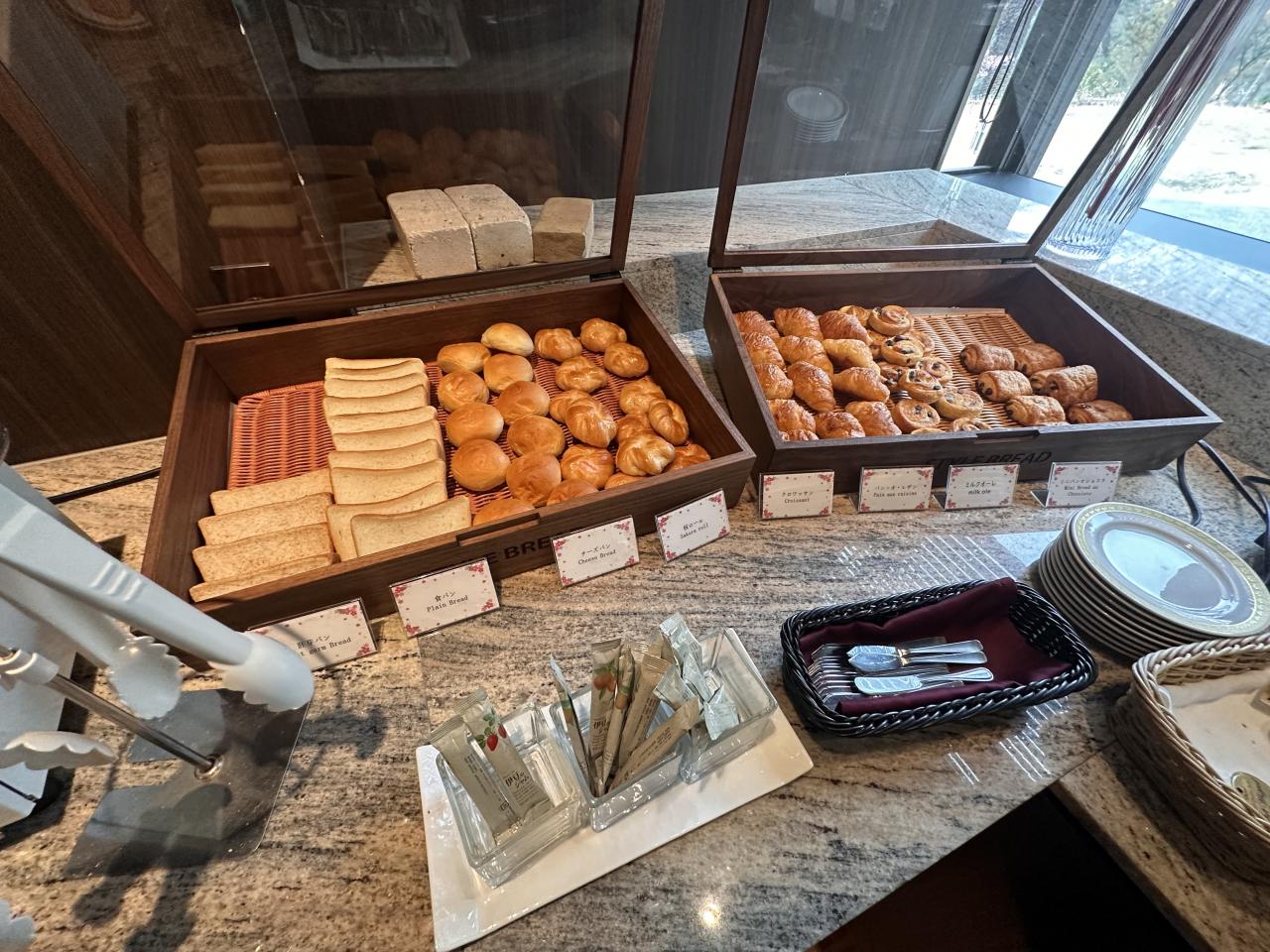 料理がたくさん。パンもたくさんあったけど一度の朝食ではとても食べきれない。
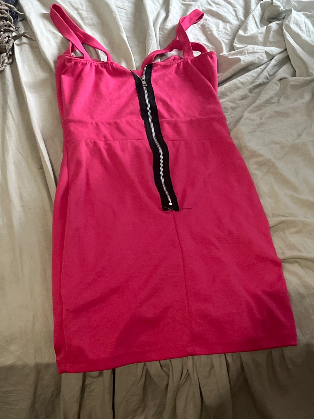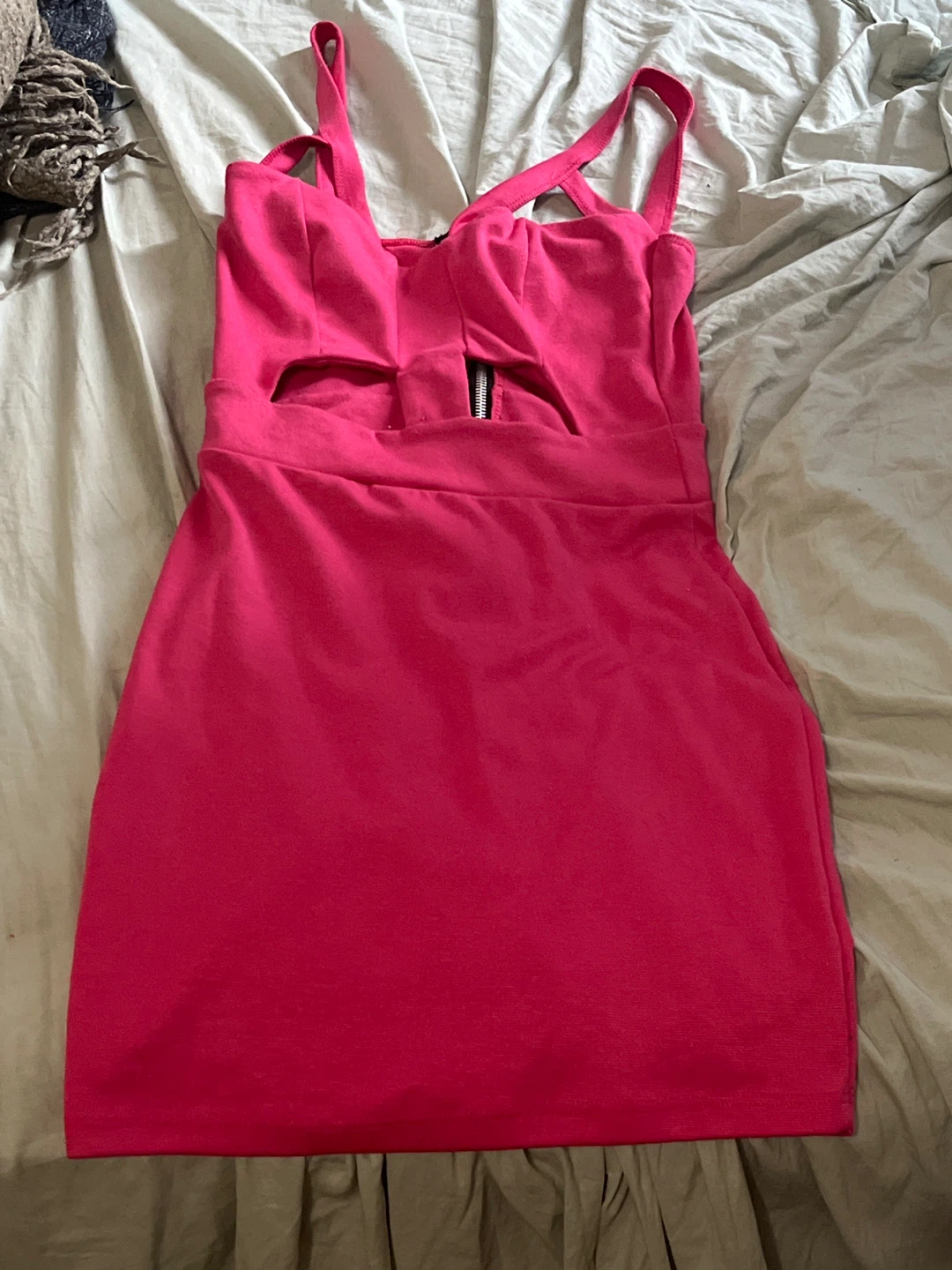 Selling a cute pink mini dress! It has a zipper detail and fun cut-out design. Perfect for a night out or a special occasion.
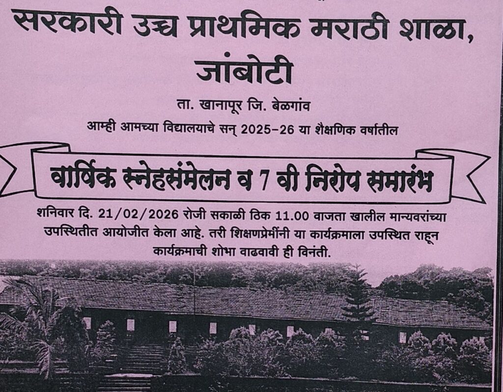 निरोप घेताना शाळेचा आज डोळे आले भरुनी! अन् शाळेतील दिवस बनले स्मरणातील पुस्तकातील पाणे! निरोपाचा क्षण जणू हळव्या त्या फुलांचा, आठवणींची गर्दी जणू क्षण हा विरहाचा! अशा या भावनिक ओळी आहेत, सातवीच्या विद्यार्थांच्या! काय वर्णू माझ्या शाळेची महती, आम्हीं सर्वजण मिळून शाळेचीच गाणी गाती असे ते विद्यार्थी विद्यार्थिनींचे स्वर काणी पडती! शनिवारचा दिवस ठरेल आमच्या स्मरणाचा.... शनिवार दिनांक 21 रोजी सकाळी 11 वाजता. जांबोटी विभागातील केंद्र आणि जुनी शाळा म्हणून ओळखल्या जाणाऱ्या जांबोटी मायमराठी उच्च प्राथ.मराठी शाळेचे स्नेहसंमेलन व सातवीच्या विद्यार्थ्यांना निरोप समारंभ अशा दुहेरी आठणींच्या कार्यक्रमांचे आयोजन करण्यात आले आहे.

...

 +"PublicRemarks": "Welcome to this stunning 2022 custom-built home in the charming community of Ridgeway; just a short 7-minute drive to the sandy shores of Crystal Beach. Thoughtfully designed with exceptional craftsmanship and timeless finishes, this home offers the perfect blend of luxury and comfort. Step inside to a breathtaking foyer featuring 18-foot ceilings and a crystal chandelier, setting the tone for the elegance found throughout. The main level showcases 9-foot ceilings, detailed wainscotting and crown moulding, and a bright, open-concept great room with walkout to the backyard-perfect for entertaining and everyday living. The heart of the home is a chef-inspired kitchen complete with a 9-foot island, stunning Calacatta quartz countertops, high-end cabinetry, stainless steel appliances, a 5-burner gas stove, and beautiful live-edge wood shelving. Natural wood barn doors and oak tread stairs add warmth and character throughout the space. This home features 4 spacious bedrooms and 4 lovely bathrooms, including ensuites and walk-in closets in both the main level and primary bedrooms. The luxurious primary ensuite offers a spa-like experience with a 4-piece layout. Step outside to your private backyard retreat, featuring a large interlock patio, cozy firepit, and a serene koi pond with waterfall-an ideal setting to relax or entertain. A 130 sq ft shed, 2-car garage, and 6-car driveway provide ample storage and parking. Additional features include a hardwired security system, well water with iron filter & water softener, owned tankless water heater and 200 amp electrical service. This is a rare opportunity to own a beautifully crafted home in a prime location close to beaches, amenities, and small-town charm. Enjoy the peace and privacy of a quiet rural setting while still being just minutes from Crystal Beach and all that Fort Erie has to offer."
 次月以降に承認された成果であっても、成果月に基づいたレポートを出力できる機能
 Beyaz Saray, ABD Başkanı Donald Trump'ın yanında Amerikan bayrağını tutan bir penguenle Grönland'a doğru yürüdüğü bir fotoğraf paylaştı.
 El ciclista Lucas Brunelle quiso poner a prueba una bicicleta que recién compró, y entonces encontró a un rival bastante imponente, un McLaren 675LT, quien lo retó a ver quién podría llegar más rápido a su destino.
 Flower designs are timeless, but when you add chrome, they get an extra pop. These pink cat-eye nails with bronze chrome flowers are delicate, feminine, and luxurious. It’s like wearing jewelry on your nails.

**TASK GOAL**
Using the records above, return word for word the lines that begin at the one containing "料理がたくさん。パンもたくさんあったけど一度の朝食ではとても食べきれない。" and end at the one containing "निरोप घेताना शाळेचा", both of them included and no pictures.

**RESPONSE**
 料理がたくさん。パンもたくさんあったけど一度の朝食ではとても食べきれない。
 Selling a cute pink mini dress! It has a zipper detail and fun cut-out design. Perfect for a night out or a special occasion.
 निरोप घेताना शाळेचा आज डोळे आले भरुनी! अन् शाळेतील दिवस बनले स्मरणातील पुस्तकातील पाणे! निरोपाचा क्षण जणू हळव्या त्या फुलांचा, आठवणींची गर्दी जणू क्षण हा विरहाचा! अशा या भावनिक ओळी आहेत, सातवीच्या विद्यार्थांच्या! काय वर्णू माझ्या शाळेची महती, आम्हीं सर्वजण मिळून शाळेचीच गाणी गाती असे ते विद्यार्थी विद्यार्थिनींचे स्वर काणी पडती! शनिवारचा दिवस ठरेल आमच्या स्मरणाचा.... शनिवार दिनांक 21 रोजी सकाळी 11 वाजता. जांबोटी विभागातील केंद्र आणि जुनी शाळा म्हणून ओळखल्या जाणाऱ्या जांबोटी मायमराठी उच्च प्राथ.मराठी शाळेचे स्नेहसंमेलन व सातवीच्या विद्यार्थ्यांना निरोप समारंभ अशा दुहेरी आठणींच्या कार्यक्रमांचे आयोजन करण्यात आले आहे.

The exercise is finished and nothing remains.